Thursday, March 24, 2011

As If This Isn't Lovely

I am in a sun-lit room
in the middle of the afternoon
with a cup and saucer of coffee.
And Cass croons his way through the airy room
I've got
a tablet full of notes in front of me
I can't hear a word of traffic
sweet tints of apple linger on my tongue
and the faintness of that headache slowly drifts away.

Tuesday, March 22, 2011

Save the Brain

Since I woke up this morning I have had an intense fear of getting dumber with age.
This is why I feel I can't stop going to school now, otherwise I'll just get worse at writing shitty papers I don't care about. I'm not even sure why this matters.
And why is everybody I know at school so sure of themselves? Why does school have to be the way it is?
I am not destined for a career in academics.
I should be working on a farm. Or in the bush. Or on a boat. Or open a pub. Or in a garden. Or in a clinic. Or at a library. Or be a lifeguard. Or become a carpenter. Or operate a food cart at the beach. Or work in daycare. Or in an old folk's home, where I'd read them their favourite books and bake cookies and listen to their old, mean, tired complaints.

Saturday, March 19, 2011

A Woman Under The Influence


(click for full-screen to see it properly)

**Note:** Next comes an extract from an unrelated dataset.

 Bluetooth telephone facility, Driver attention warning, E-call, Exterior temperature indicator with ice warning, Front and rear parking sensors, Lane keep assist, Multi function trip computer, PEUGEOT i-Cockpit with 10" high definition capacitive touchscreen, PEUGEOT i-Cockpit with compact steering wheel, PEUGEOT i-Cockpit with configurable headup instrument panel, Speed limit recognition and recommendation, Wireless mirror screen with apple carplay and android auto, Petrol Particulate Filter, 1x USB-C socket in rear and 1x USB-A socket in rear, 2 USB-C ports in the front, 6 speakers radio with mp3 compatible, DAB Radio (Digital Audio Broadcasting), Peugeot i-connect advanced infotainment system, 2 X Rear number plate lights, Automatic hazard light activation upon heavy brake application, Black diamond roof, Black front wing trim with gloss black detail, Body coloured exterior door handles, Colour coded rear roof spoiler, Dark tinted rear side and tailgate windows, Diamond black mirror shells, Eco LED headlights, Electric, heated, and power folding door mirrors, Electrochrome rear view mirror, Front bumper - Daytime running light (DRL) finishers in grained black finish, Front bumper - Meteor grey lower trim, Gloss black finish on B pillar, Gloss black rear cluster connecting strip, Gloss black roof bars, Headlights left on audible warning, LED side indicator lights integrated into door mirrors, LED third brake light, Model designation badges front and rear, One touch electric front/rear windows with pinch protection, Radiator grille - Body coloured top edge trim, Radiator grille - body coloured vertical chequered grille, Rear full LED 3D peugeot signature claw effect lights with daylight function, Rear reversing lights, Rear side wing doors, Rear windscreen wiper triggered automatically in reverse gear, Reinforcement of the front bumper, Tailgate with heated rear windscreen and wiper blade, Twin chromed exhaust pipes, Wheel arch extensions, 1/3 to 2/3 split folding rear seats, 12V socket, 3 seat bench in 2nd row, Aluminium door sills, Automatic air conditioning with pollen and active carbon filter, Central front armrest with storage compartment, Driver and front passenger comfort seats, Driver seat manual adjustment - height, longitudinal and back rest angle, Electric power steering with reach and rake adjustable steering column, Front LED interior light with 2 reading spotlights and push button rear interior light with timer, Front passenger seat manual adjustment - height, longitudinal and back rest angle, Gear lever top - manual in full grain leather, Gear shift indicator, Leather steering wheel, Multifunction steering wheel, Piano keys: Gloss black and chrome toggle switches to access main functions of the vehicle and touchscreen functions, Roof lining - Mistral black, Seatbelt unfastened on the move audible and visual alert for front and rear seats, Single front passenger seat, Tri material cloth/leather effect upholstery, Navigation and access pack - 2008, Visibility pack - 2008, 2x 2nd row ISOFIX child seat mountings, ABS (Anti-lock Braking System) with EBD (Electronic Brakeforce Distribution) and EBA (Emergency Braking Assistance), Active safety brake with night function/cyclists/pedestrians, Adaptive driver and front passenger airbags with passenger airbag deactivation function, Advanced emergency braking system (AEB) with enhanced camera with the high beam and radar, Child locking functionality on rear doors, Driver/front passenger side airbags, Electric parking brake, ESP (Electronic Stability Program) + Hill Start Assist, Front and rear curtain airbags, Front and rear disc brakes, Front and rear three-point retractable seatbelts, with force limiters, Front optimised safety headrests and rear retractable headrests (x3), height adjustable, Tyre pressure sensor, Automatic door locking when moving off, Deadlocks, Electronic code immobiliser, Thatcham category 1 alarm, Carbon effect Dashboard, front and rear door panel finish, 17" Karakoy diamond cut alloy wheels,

I saw this with Marla quite a while ago, and I still think about it all the time.
If you haven't seen it, see it.
See it see it see it see it see it.

Thursday, March 17, 2011

Three Things

1. Sitting over the weekend in a hobbit house. The walls are lined with books.
2. Hot Chocolate
3. SLEEPING IN

Tuesday, March 15, 2011

I H8 LYFE

"...try to remember as often as you can that you are living your life right now. I know this is a basic idea, but with as much coming and going as there is it can be pretty easy to lose sight, maybe even forget- but it’s true as I type, as you read, as we aspire to greatness or as we fall - this is it. Regardless of who you become tomorrow or who you were yesterday this is you right now - so enjoy it."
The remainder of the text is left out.